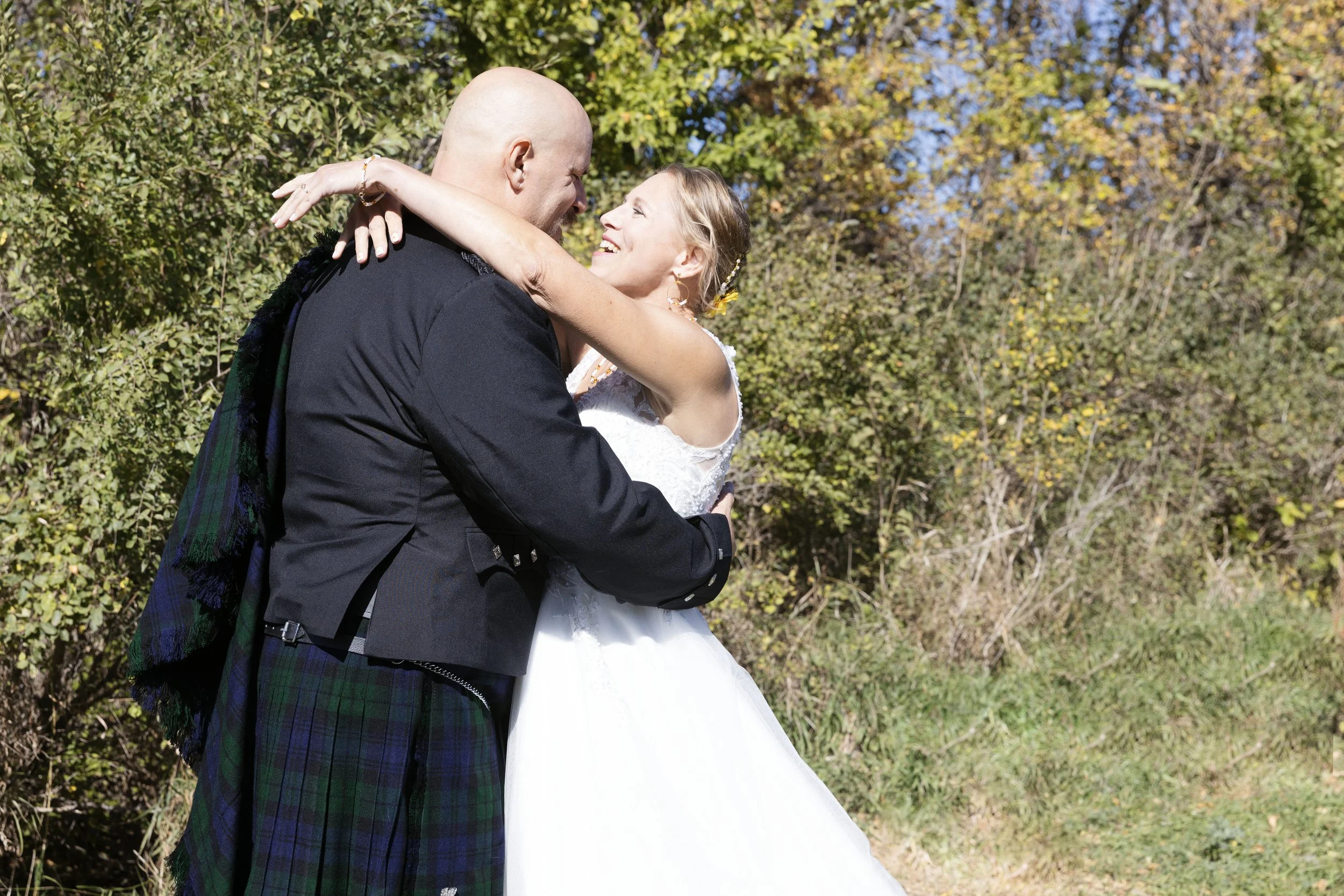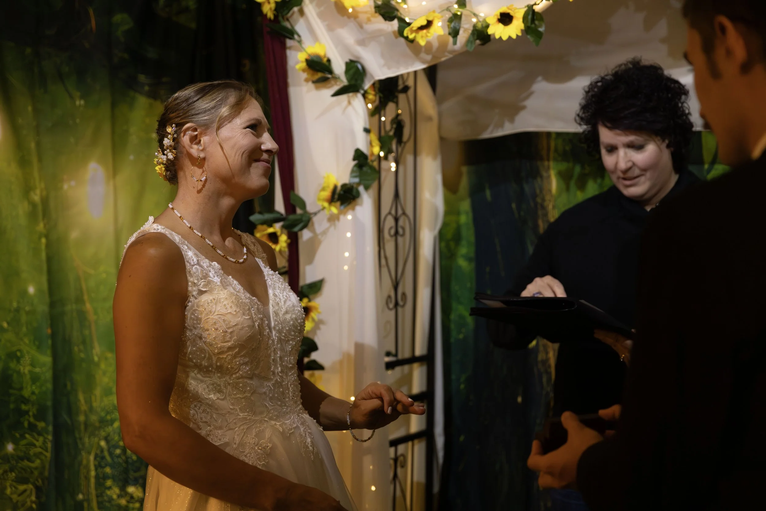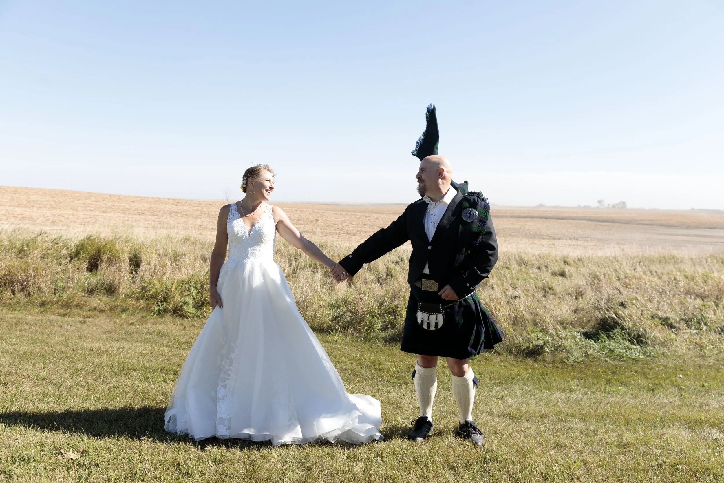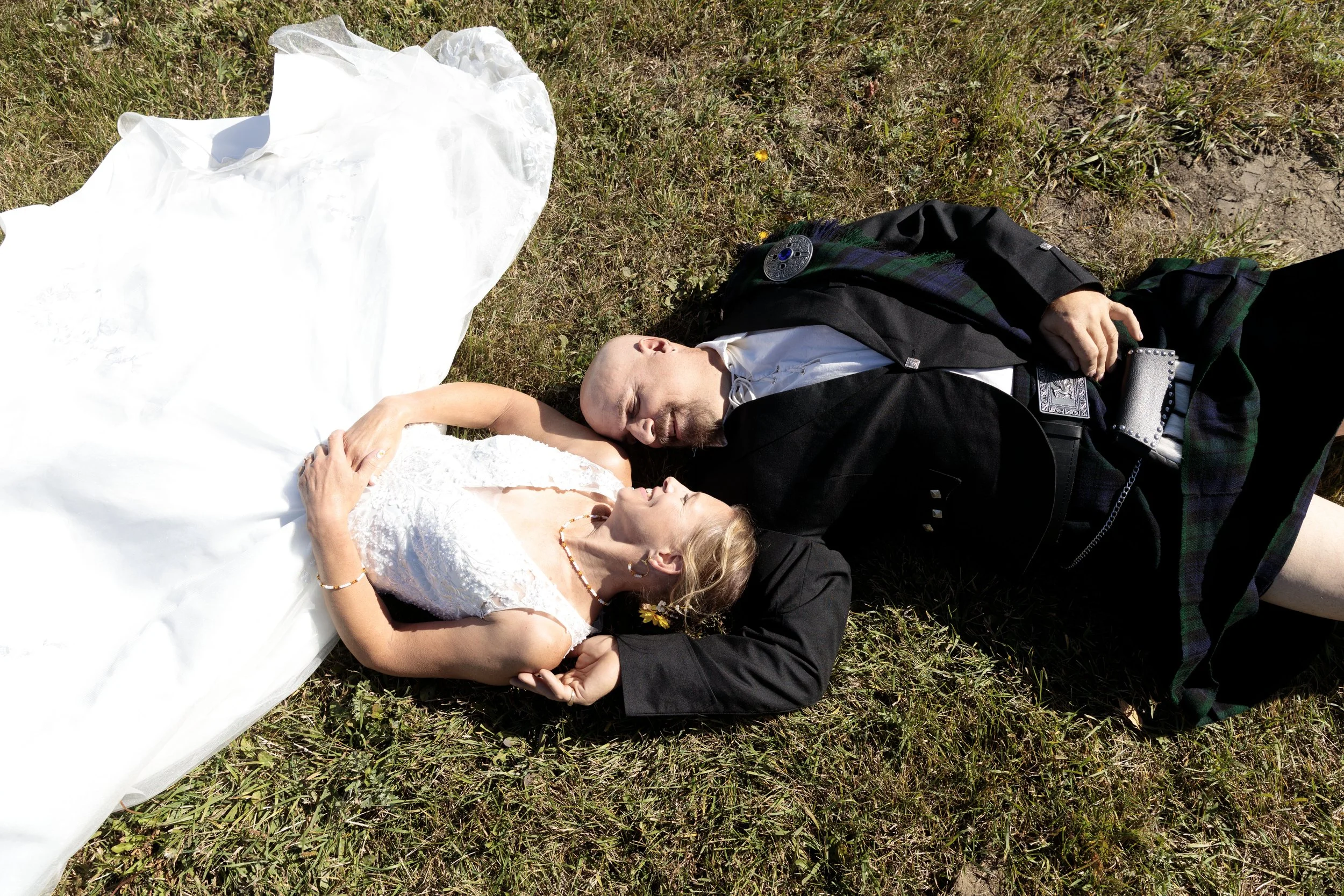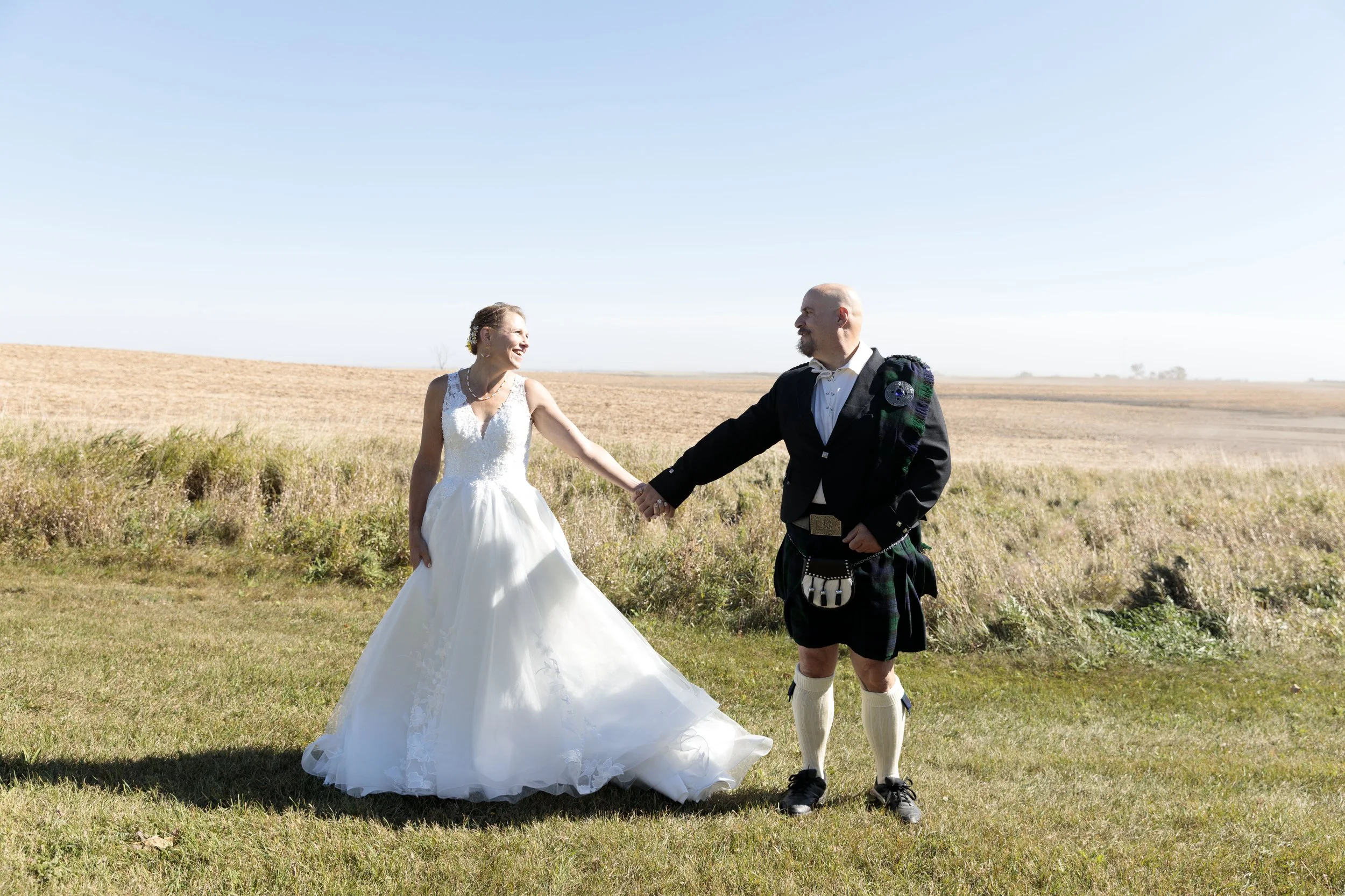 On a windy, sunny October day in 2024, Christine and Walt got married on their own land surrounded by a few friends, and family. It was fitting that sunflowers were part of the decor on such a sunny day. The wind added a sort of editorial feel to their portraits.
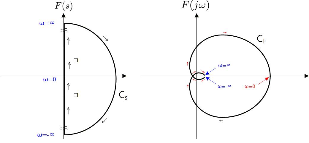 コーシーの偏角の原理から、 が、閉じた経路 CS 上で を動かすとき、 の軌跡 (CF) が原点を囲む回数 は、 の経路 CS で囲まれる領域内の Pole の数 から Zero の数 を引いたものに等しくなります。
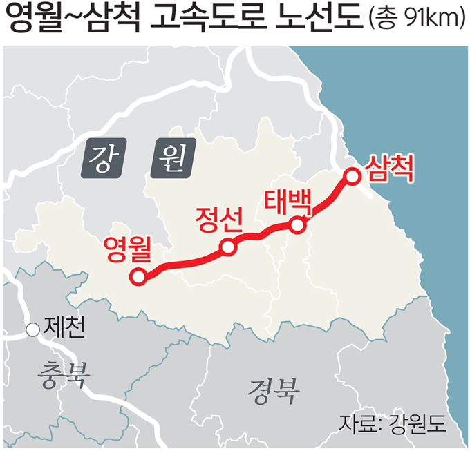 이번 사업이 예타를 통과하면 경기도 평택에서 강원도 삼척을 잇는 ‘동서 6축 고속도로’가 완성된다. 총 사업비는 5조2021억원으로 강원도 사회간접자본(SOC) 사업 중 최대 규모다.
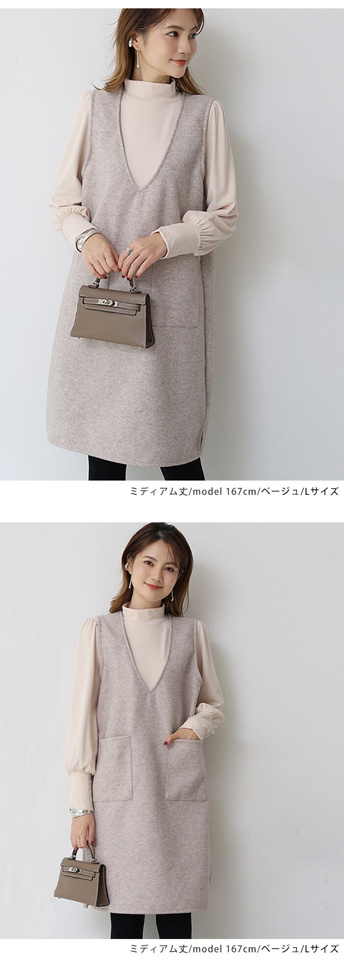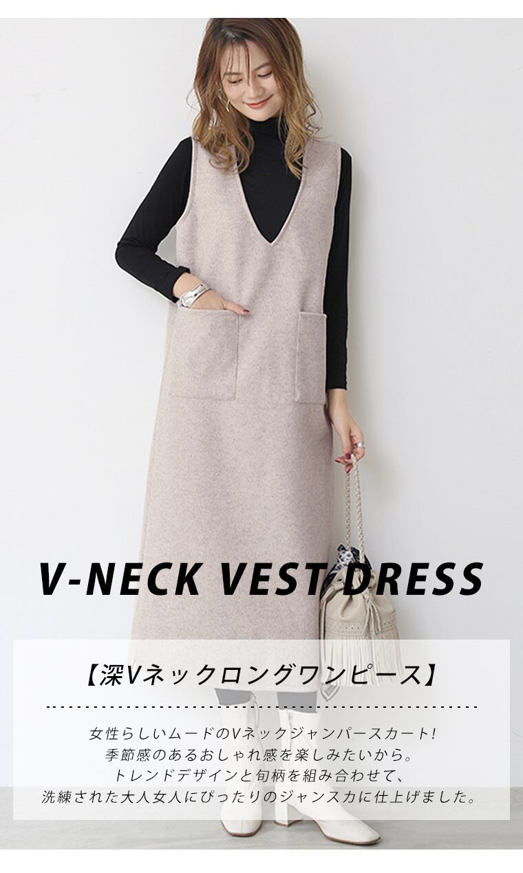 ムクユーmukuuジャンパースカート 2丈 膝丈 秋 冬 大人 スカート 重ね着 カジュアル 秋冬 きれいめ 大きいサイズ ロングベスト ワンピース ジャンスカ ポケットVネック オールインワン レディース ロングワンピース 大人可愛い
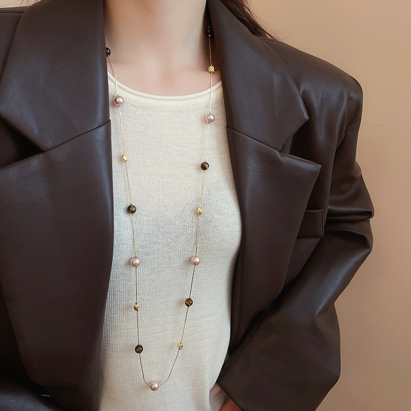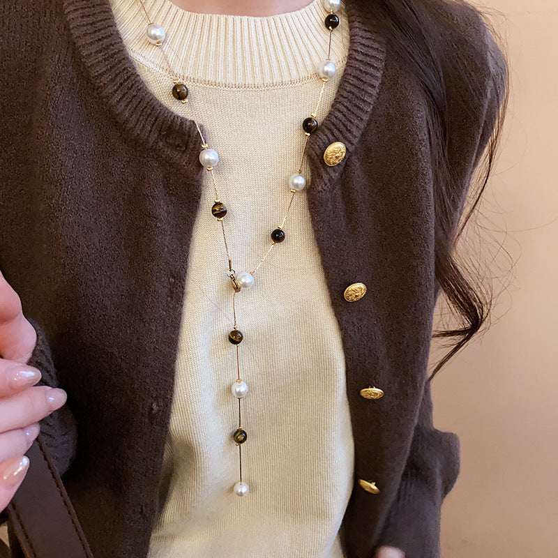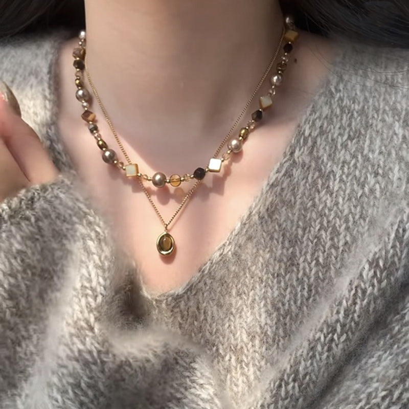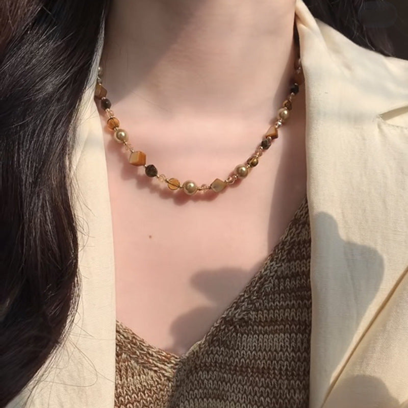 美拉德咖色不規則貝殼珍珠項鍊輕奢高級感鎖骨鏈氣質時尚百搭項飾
+ + +
EXERCISE PROMPT
Copy the data precisely. Skip every picture.

FINAL ANSWER
 On a windy, sunny October day in 2024, Christine and Walt got married on their own land surrounded by a few friends, and family. It was fitting that sunflowers were part of the decor on such a sunny day. The wind added a sort of editorial feel to their portraits.
 コーシーの偏角の原理から、 が、閉じた経路 CS 上で を動かすとき、 の軌跡 (CF) が原点を囲む回数 は、 の経路 CS で囲まれる領域内の Pole の数 から Zero の数 を引いたものに等しくなります。
 이번 사업이 예타를 통과하면 경기도 평택에서 강원도 삼척을 잇는 ‘동서 6축 고속도로’가 완성된다. 총 사업비는 5조2021억원으로 강원도 사회간접자본(SOC) 사업 중 최대 규모다.
 ムクユーmukuuジャンパースカート 2丈 膝丈 秋 冬 大人 スカート 重ね着 カジュアル 秋冬 きれいめ 大きいサイズ ロングベスト ワンピース ジャンスカ ポケットVネック オールインワン レディース ロングワンピース 大人可愛い
 美拉德咖色不規則貝殼珍珠項鍊輕奢高級感鎖骨鏈氣質時尚百搭項飾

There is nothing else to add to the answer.